I'd read that it happens enough with rats that it was the reason I wanted only male rats!! So when we got our rats, we were told that they only had boys in the feeder bin. We even had the store employee double-check the rats' sex before bringing them home. It was just my luck that one of them was still mis-sexed repeatedly and turned out to be a girl... she has a rather confusing genital setup, and it even threw the vet off when we took her in to get the gender figured out! We were very fortunate that we separated them just in time to avoid her getting pregnant (or maybe she's infertile since she'd lived with the boys for weeks, either way... phew. I was so sure that was an oops litter waiting to happen.) 

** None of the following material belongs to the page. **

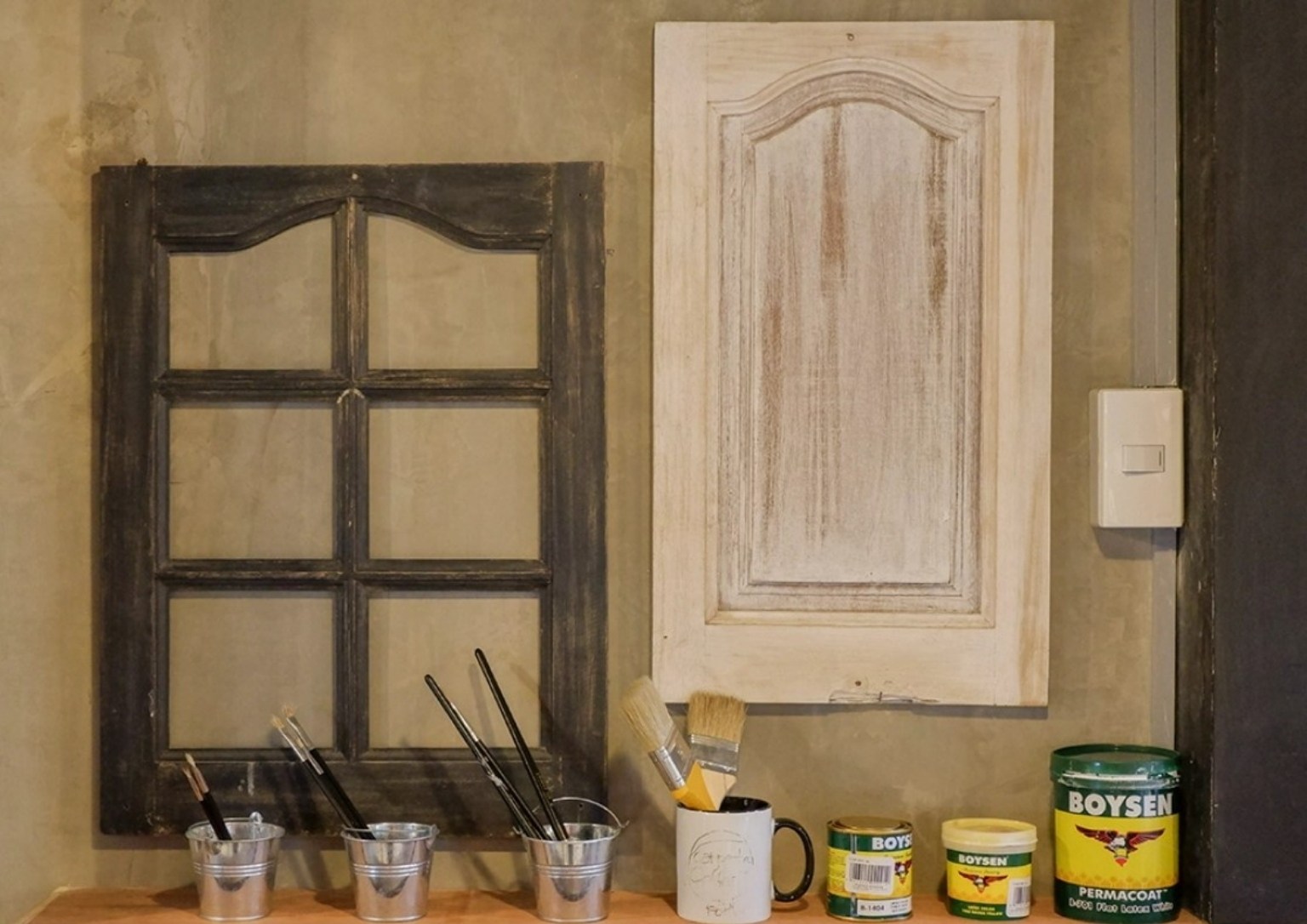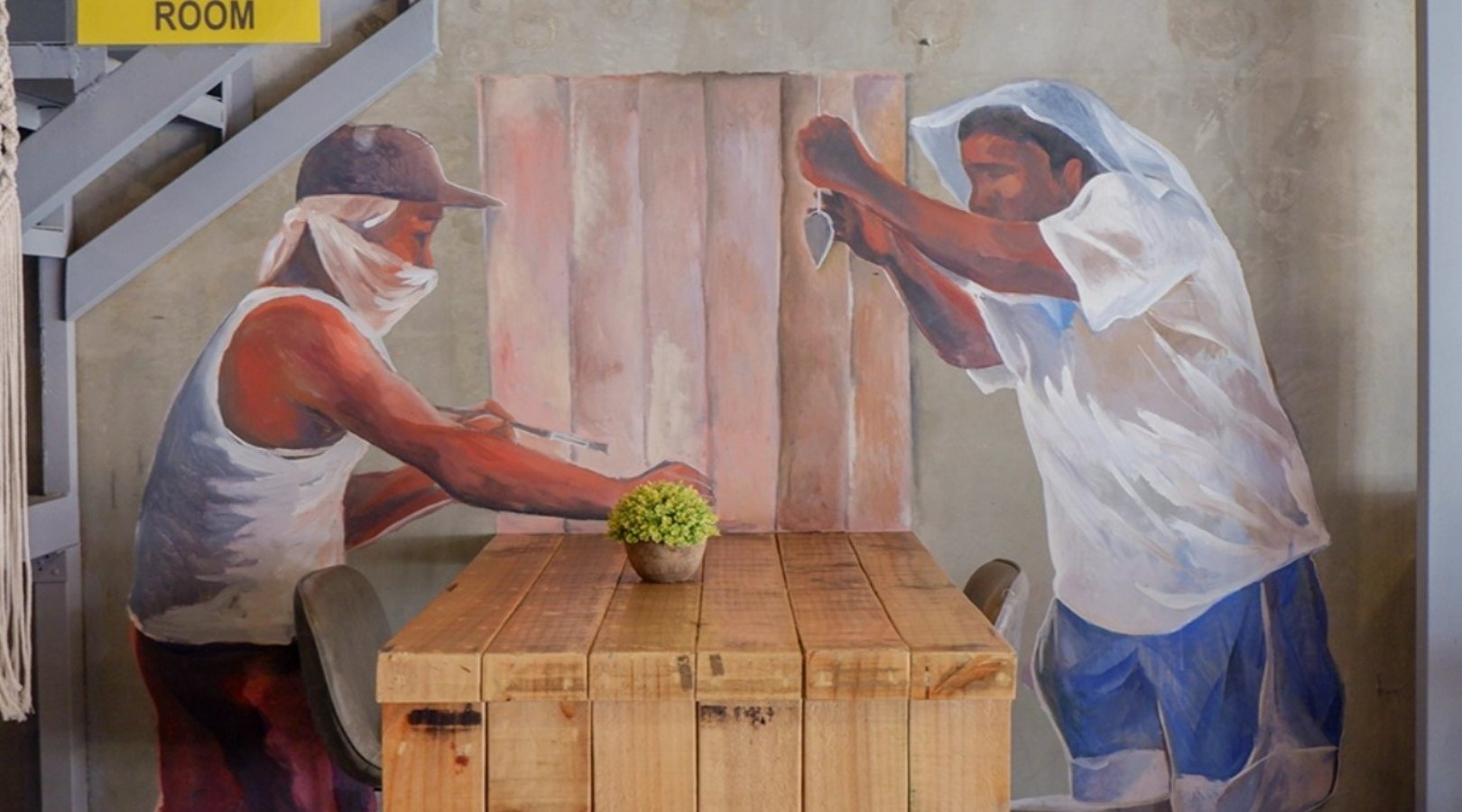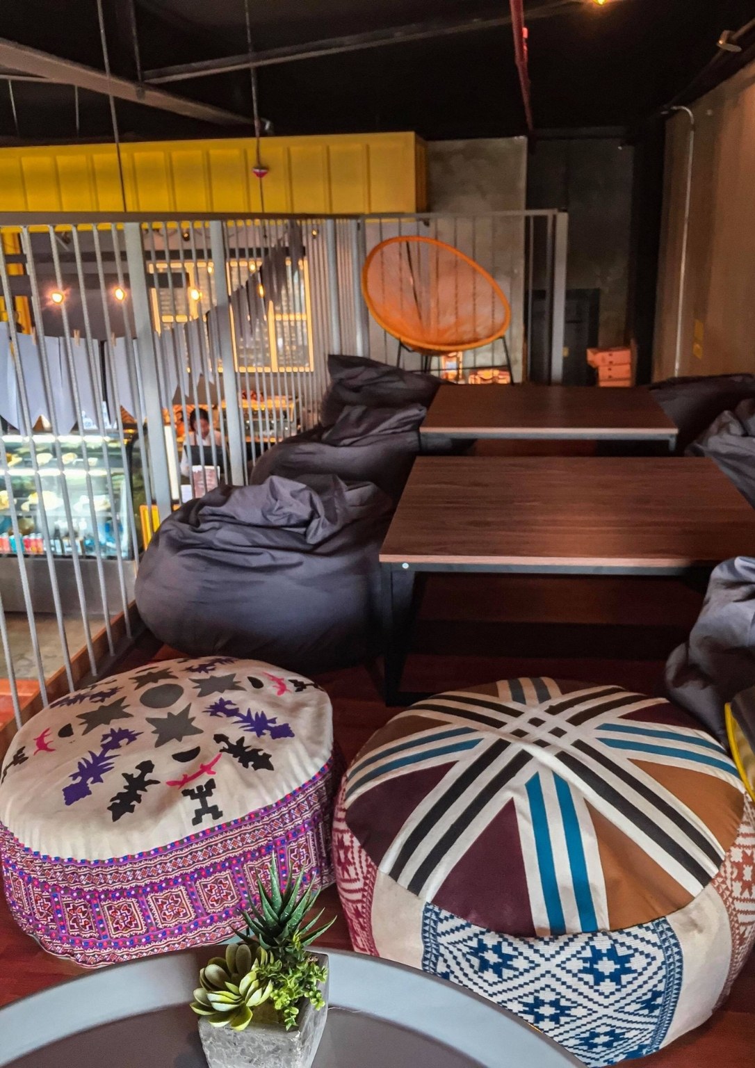 Excellent use of mezzanine design is also present in the café to maximize their seating capacity. At the lower part of the mezzanine is the mural depicting two workers painting wood. It complements the hanging pieces of wooden windows that serve as a wall accent. Some of the lead ledges feature designs with buckets and paintbrushes. The upper mezzanine uses pouf seating made by local Filipino weavers. The café counter is made of wooden crates and yellow ribbed-type G.I. sheets as materials. Making it more interesting is the glass window-like accent above the counter that serves as a menu board.
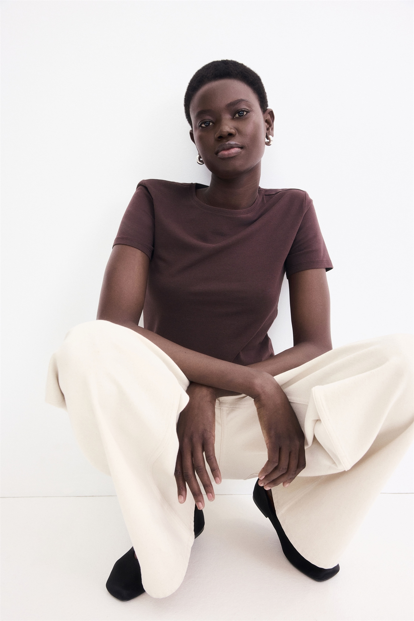Облегающая футболка из хлопкового джерси-стрейч с узкой окантовкой по вырезу горловины и прямым покроем.

One of my girls came from a chain pet store and they actually seemed to know what they were doing to avoid pregnancy. How careful and caring they are probably depends on the location and employees. They said, "We do not promote breeding here," and said they were careful to keep the genders separate. No babies from that one. However, I gather that many animals come home pre-impregnated from pet stores who don't know how to properly sex rodents, or just don't care and throw them in together according to the stories I see on forums. I wouldn't be surprised, after what I witnessed as a child, if much of it also comes from people simply being uneducated and not understanding just how easy it is for them to get pregnant from a young age, and then giving away pregnant animals without knowing it.


----------



## Grawrisher (Sep 10, 2013)

When my rat penny passed my mom got me another rat from a less than stellar pet store and I wound up with 15 babies!!!
So i think it happens a bit with less than stellar pet stores and I think it happens sometimes with rescues too


----------



## untidyvenus (Jan 14, 2015)

I used to work in corporate pet shops and the way the poor pets come from the vendors, they arnt great about keeping track of the less fancy pets.. ie "feeder rats" and non dumbo/rex/hairless it was super common for us to get preggers rats all the time. most stores will pull mom and keep her in their infermery until the babies are weaned then they can sell them... so your lucky and its not uncommon


----------